**ACTIVITY:** In this exercise, retype exactly the lines from the start of the entries through the line bearing "Fällt mir jetzt", leaving every picture out.

**DATA SUPPLIED:**

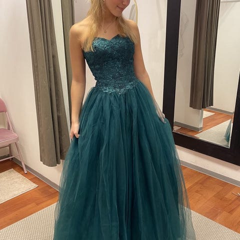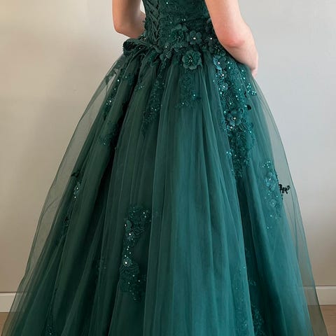 Nydelig, smaragdgrønn ballkjole fra Lychinor selges. Kjolen er pent brukt 3 ganger.
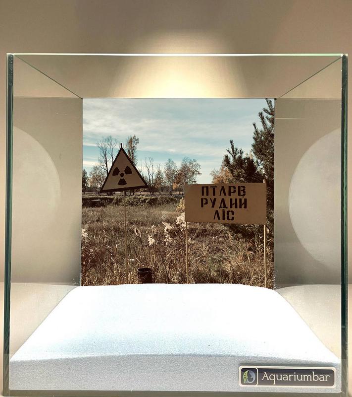Изображение представляет собой аквариум или витрину, демонстрирующую миниатюрную сцену с пейзажем. Стиль изображения реалистичен, с акцентом на передаче атмосферы заброшенного места. Цветовая палитра приглушенная, коричневато-серая, имитирующая оттенок осеннего пейзажа. В изображении заметны предупреждающие знаки с изображением радиоактивного символа и надписью на русском языке, которые добавляют тематическую достоверность. Композиция сцены организована так, чтобы представить пейзаж в миниатюре внутри витрины. Материал изображенного пейзажа -- скорее фотореалистичная фотография или печать, а не живопись или другой вид искусства. Средство, использованное для создания изображения -- это цифровое.
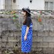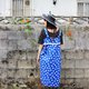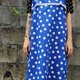Description: (Vintage)宝蓝色白点点棉质无袖古着洋装
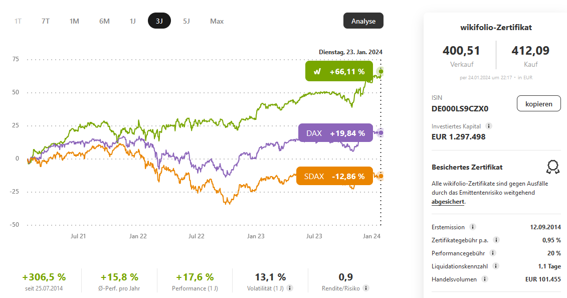 Fällt mir jetzt erst so richtig auf als ich mal die Funktion bei wikifolio genutzt habe, mein Wiki mit Dax und SDax zu vergleichen. Auf drei Jahre -13%. Da sieht man mal, wie schlecht eigentlöich deutsche Nebenwerte gelaufen sind.
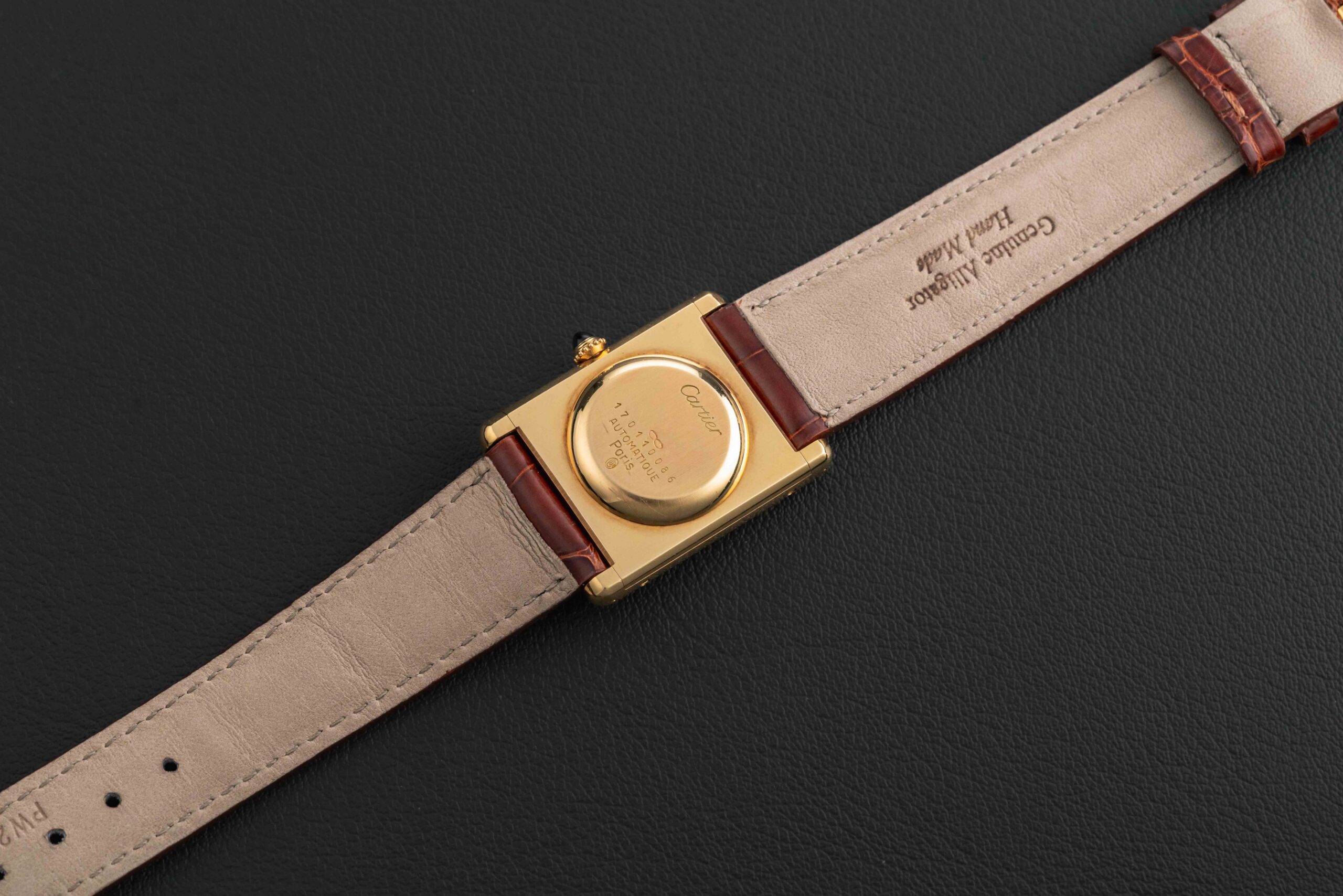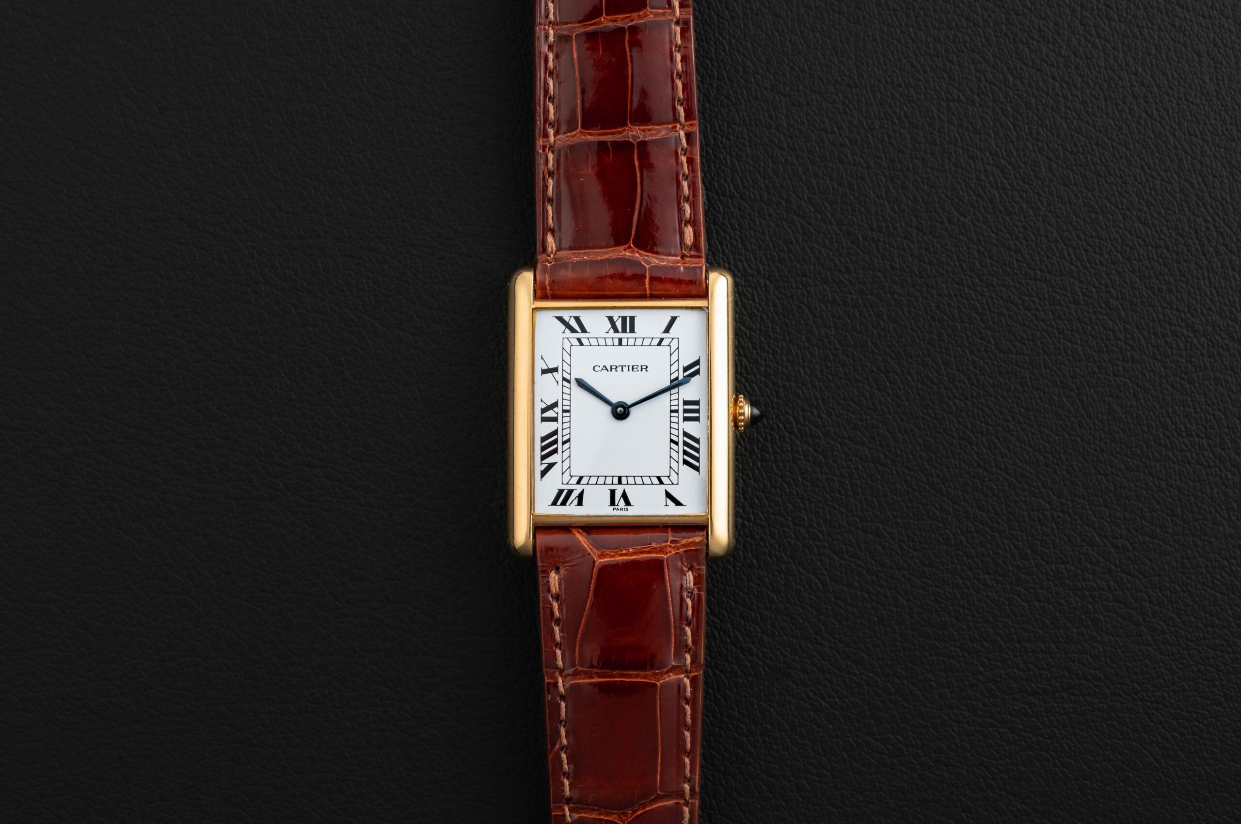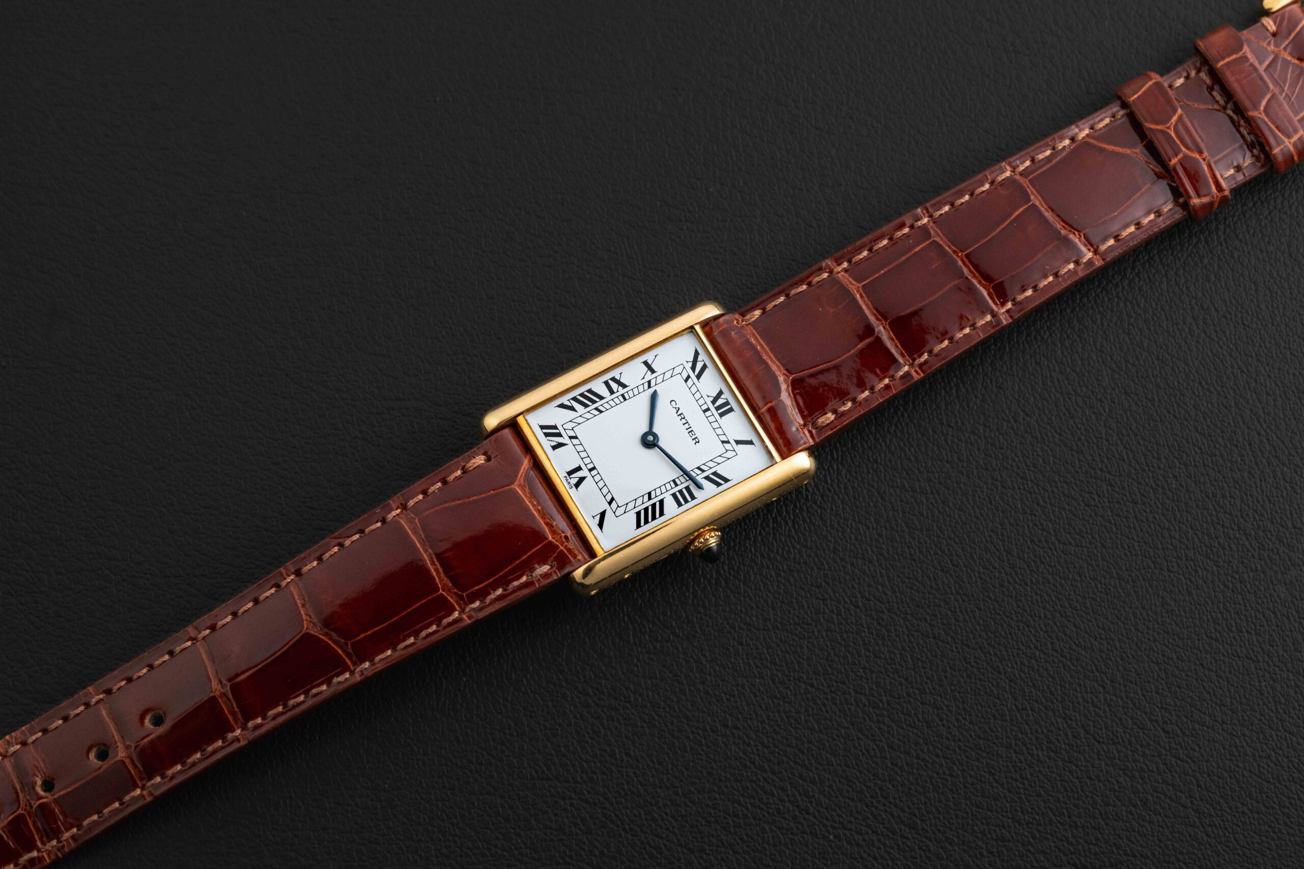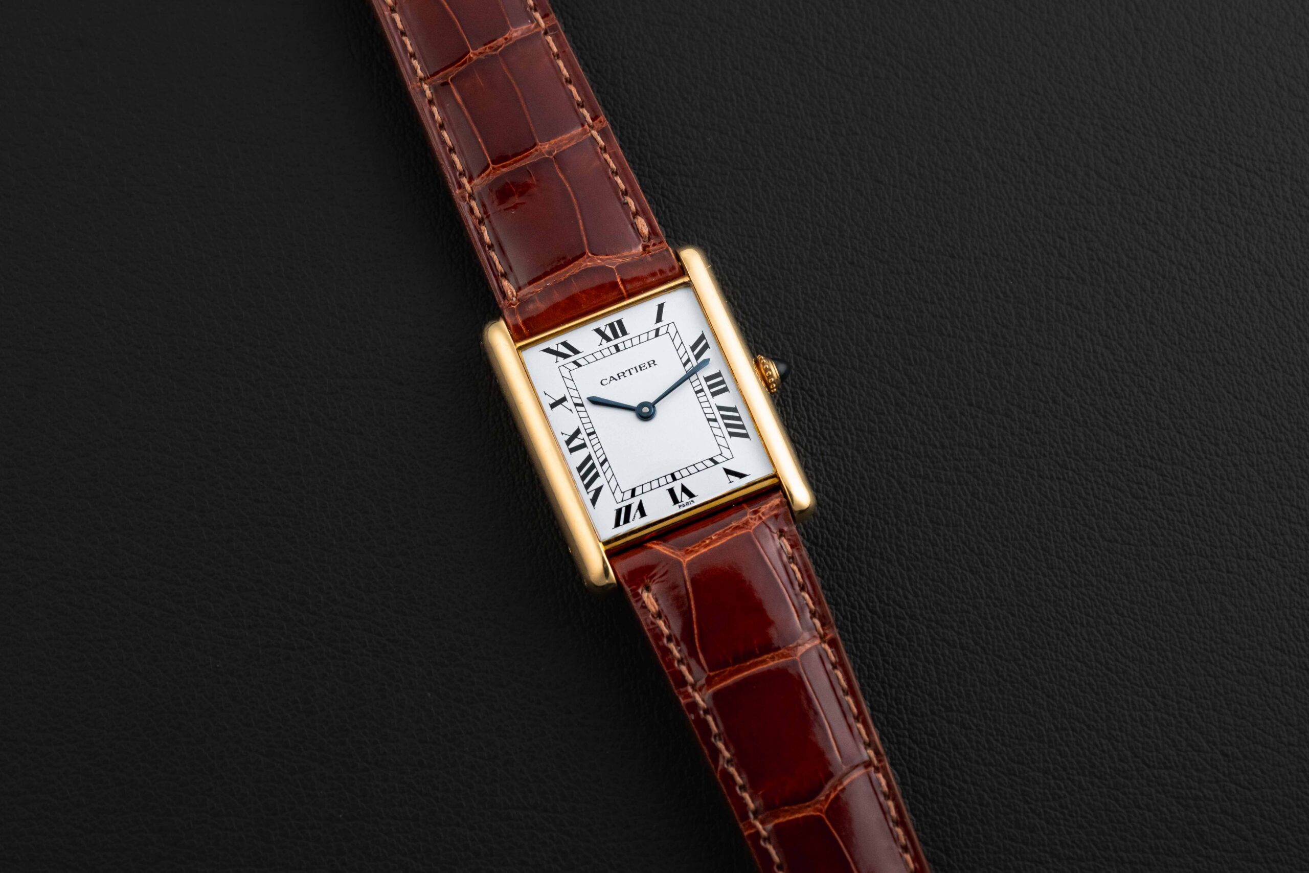 Up for grabs is a Cartier Tank “Jumbo” Automatic, produced between the late 1970s and early 1980s. This Cartier Tank, given the reference 17011 is quite uncommon, and at 25.5mm x 33mm, was quite large for a Tank of this era. The watch itself remains in great vintage condition, with an unpolished case, and near perfect dial (the dial lacquer shows very faint spidering, only visible under a loupe, and not visible to the naked eye). Further, the watch comes with its original matching yellow gold Cartier tang buckle.
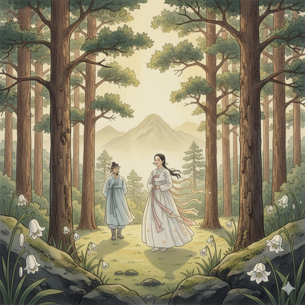 - 영어: In the mountains of ancient Korea, a young scholar in hunting attire gazes into a lush forest. Beside him, a woman in elegant Hanbok stands in a mystical aura. A serene temple is faintly visible in the background. The overall image emphasizes soft, Oriental painting-style colors and a lyrical atmosphere, capturing the fated encounter and narrative of enlightenment within the tale.

**SOLUTION TO THIS EXERCISE:**
 Nydelig, smaragdgrønn ballkjole fra Lychinor selges. Kjolen er pent brukt 3 ganger.
Изображение представляет собой аквариум или витрину, демонстрирующую миниатюрную сцену с пейзажем. Стиль изображения реалистичен, с акцентом на передаче атмосферы заброшенного места. Цветовая палитра приглушенная, коричневато-серая, имитирующая оттенок осеннего пейзажа. В изображении заметны предупреждающие знаки с изображением радиоактивного символа и надписью на русском языке, которые добавляют тематическую достоверность. Композиция сцены организована так, чтобы представить пейзаж в миниатюре внутри витрины. Материал изображенного пейзажа -- скорее фотореалистичная фотография или печать, а не живопись или другой вид искусства. Средство, использованное для создания изображения -- это цифровое.
Description: (Vintage)宝蓝色白点点棉质无袖古着洋装
 Fällt mir jetzt erst so richtig auf als ich mal die Funktion bei wikifolio genutzt habe, mein Wiki mit Dax und SDax zu vergleichen. Auf drei Jahre -13%. Da sieht man mal, wie schlecht eigentlöich deutsche Nebenwerte gelaufen sind.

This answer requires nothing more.